Leek, Potato and Spinach Stew

Leek, Potato and Spinach Stew


Ingredients

serves 4 to 6

  • 1 tablespoon extra-virgin olive oil

  • 2 links hot or sweet Italian turkey or chicken sausage (6-7 ounces), casings removed (optional)

  • 2 cups chopped leeks (about 2 leeks), white and light green parts only, rinsed well

  • 4 cloves garlic, thinly sliced

  • 1/4 teaspoon salt

  • 1 cup dry white wine

  • 1 pound new or red potatoes, halved and thinly sliced

  • 4 cups reduced-sodium chicken or vegetable broth

  • 8 ounces spinach, stemmed and chopped (about 8 cups)

  • 1 bunch scallions, sliced

  • 1 15-ounce can cannellini, navy, or other white beans, preferably no-salt-added, rinsed

  • 1/4 cup chopped fresh herbs, such as dill, chervil, chives and/or parsley

Directions

  1.  Heat oil in a Dutch oven over medium heat.

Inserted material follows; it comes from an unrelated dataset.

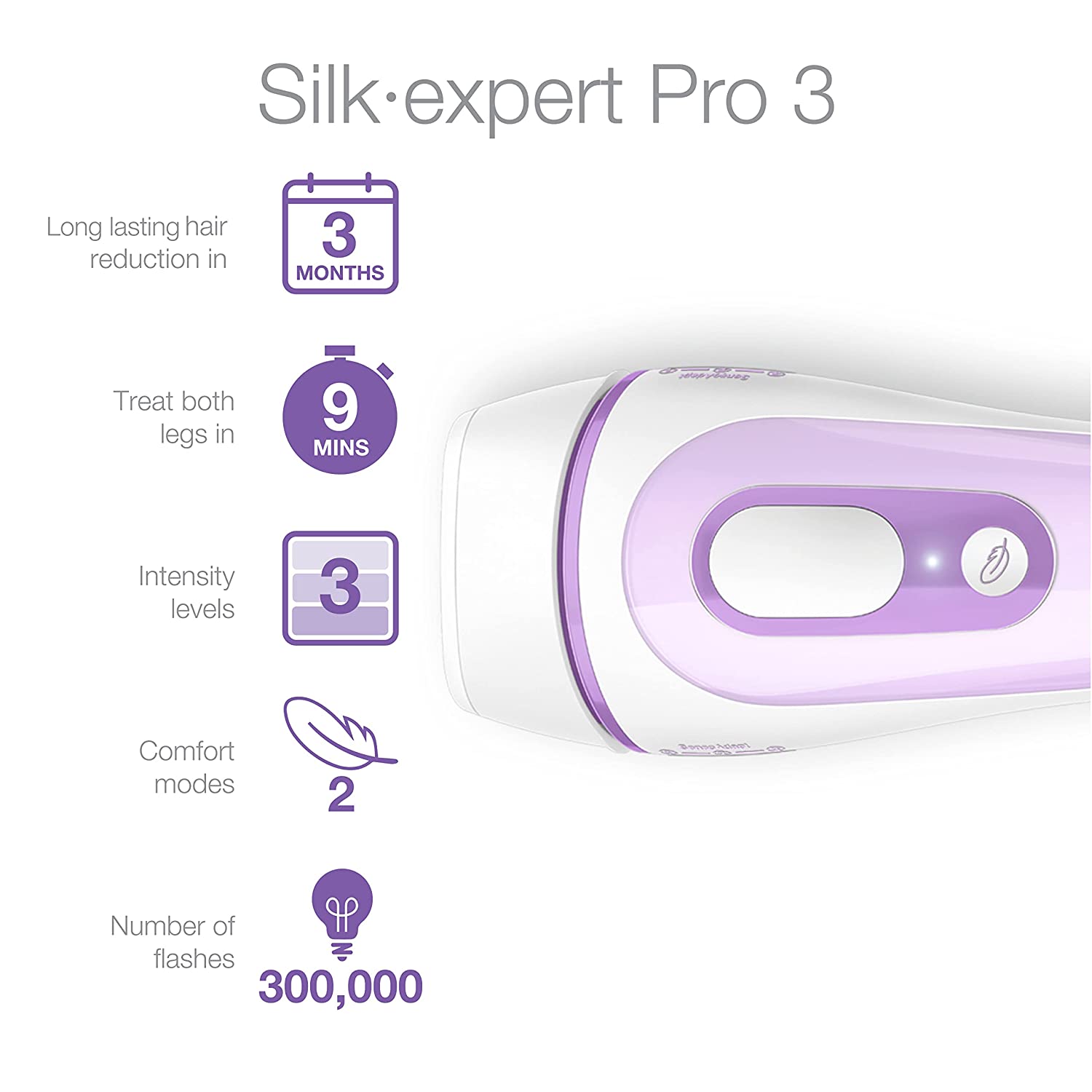 Silk·expert Pro, Braun’s latest generation IPL. Silk·expert Pro 3 ensures long-lasting hair reduction in just 3 months*. The safest IPL technology, clinically tested and dermatologically accredited as skin safe by a leading international skin health organization (Skin Health Alliance). The only IPL that automatically and continuously adapts to skin tone for a safe and effective visible long-lasting hair removal†. Now with a precision head to tackle smaller areas like the face, bikini line or underarms. Get results 2 times faster than with previous Silk·expert 3: just 9 minutes for both legs. 300,000 flashes, 20% more than previous Silk·expert 3. *Assessed on lower leg, armpits & bikini, following the treatment schedule. Individual results may vary. †Shared technology with Cyden. **For more information, visit Braun.com website

  2. Add sausage, if using, and leeks and cook, stirring occasionally and crumbling the sausage with a wooden spoon, until the leeks are tender, about 5 minutes.

  3. Add garlic and salt and stir until fragrant, about 20 seconds.

  4. Add wine, cover and bring to a boil over high heat.

  5. Uncover and cook until the wine is almost evaporated, about 4 minutes.

  6. Add potatoes and broth; cover and bring to a boil.

  7. Stir in spinach and scallions and cook, covered, until the potatoes are tender, about 5 minutes.

  8. Remove from the heat and stir in beans.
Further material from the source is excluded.